# PROMPT
Starting at the top of the records below, write out each line exactly as it stands, stopping after the line with "Záplavy poničily sportovní"; exclude the pictures.
******
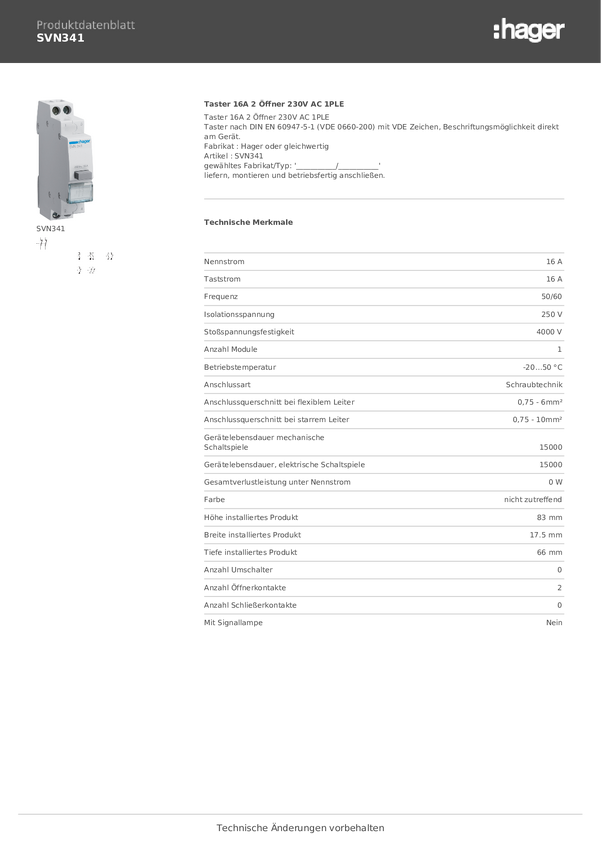 Przełącznik ciśnieniowy Hager SVN342 1 szt.
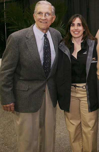 California's Gillian Zucker (R), with the late Les Richter, NASCAR's legendary West Coast promotion man...June 12th (Photo: Getty Images for NASCAR)
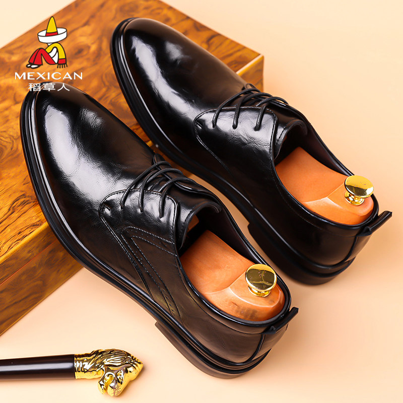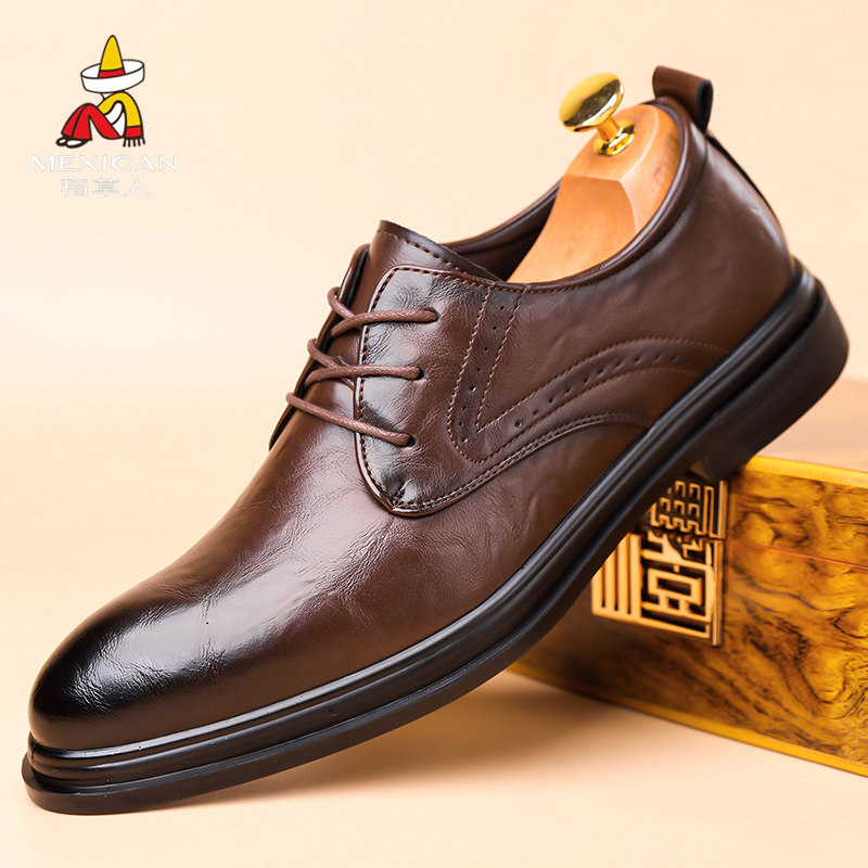 稻草人2025新款男士皮鞋商务正装男款上班鞋加绒休闲尖头棕色舒适
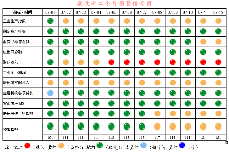 宏观经济景气指数预警信号图(2007年12月)
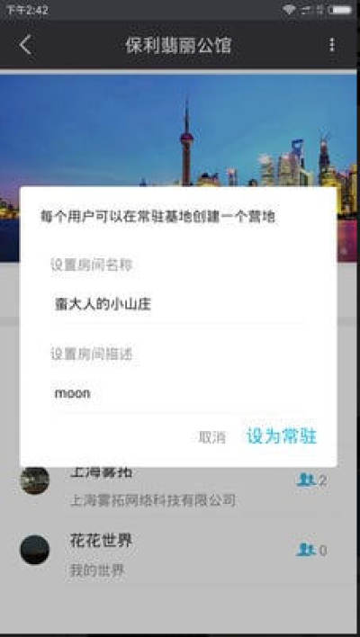 每个人最多只有一个常驻基地,并可以在这个基地创建一个属于自己的话题频道,即使你不在线,也可以让其他人找到你。
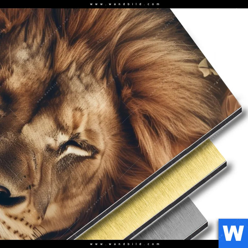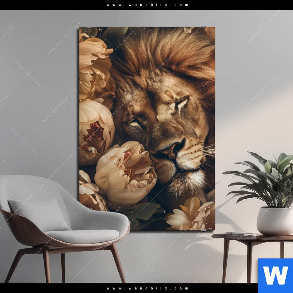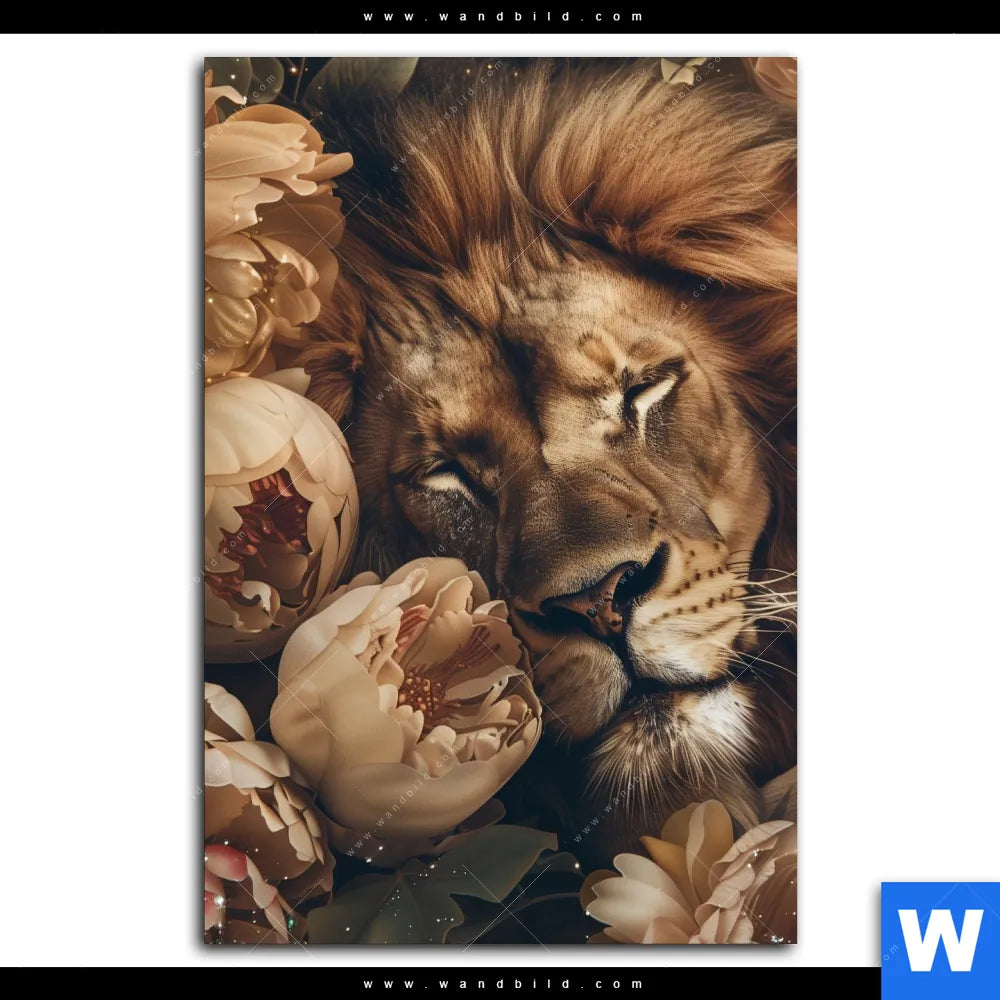 Alu-Dibond Bild | Löwe schläft in Blüten | Hochformat
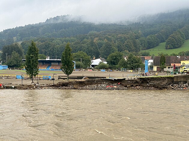 Záplavy poničily sportovní infrastrukturu v Hanušovicích.
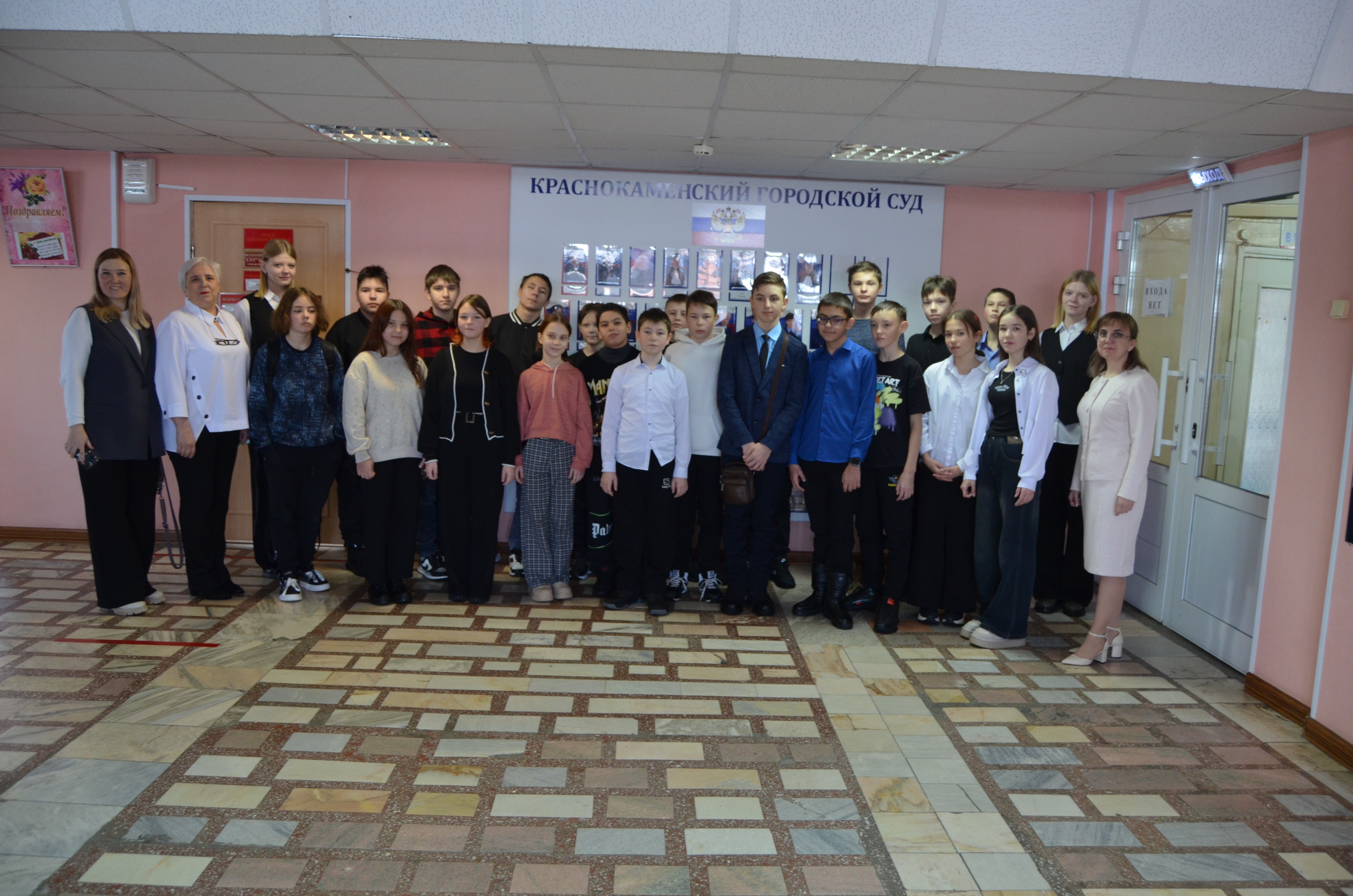 5 декабря 2024 года стены нашего суда впервые встречали таких юных гостей - шестиклассников МАОУ «СОШ №7», поэтому экскурсия прошла немного в другом формате. Традиционно экскурсию ребята начали на первом этаже здания суда возле Общественной приемной. В начале экскурсии ребят заинтересовал стенд, размещенный в фойе, с фотографиями судей и сотрудников суда. Затем им рассказали о порядке работы приемной, полномочиях помощников судей, осуществляющих прием граждан. Далее ребята посетили общий отдел, где ведущий специалист, работающий с уголовными делами, рассказал ребятам о категориях дел, которые чаще всего рассматривают в нашем суде. Затем ребята отправились в архив, где им предоставили возможность пройти вдоль стеллажей с гражданскими, уголовными и административными делами. Поскольку наши гости еще совсем юные, для них подготовили и предложили посмотреть, потрогать, примерить награды Краснокаменского городского суда за достижения в различных спортивных мероприятиях. После экскурсии судьей Краснокаменского городского суда Д.С. Поповой подготовлена и проведена с ребятами правовая игра «А судьи кто?», приуроченная ко дню юриста. Получилось три команды: «Знатоки», «Умники», «Мыслители». Перед началом игры перед ребятами выступил с напутственным словом председатель Краснокаменского городского суда К.В. Салбуков, рассказав, что значит быть судьей, как это ответственно, пожелал им удачи в игре и в учебе. Во время игры дети увлеченно обсуждали вопросы, попробовали себя в роли следователя – расследовали, кто совершил преступление. Узнали много интересного о правах и обязанностях, об исторических личностях и каким должен быть судья. В конце игры, конечно же, были подведены итоги членами жюри – начальником общего отдела А.Н. Габдрахмановой и помощником судьи Е.В. Мухомедзяновой. Ребята получили грамоты в номинациях «Эрудиты права», «Покорители архива права», «Достойные юристы» и сладкие подарки, чем остались очень довольны. По блеску в глазах ребят было видно, что им интересно побывать в здании суда, узнать как построена работа судей, аппарата суда, а также поучаствовать в такой интересной викторине «А судьи кто?». Пресс-служба Краснокаменского городского суда
******
# REPLY TO THE EXERCISE
 Przełącznik ciśnieniowy Hager SVN342 1 szt.
 California's Gillian Zucker (R), with the late Les Richter, NASCAR's legendary West Coast promotion man...June 12th (Photo: Getty Images for NASCAR)
 稻草人2025新款男士皮鞋商务正装男款上班鞋加绒休闲尖头棕色舒适
 宏观经济景气指数预警信号图(2007年12月)
 每个人最多只有一个常驻基地,并可以在这个基地创建一个属于自己的话题频道,即使你不在线,也可以让其他人找到你。
 Alu-Dibond Bild | Löwe schläft in Blüten | Hochformat
 Záplavy poničily sportovní infrastrukturu v Hanušovicích.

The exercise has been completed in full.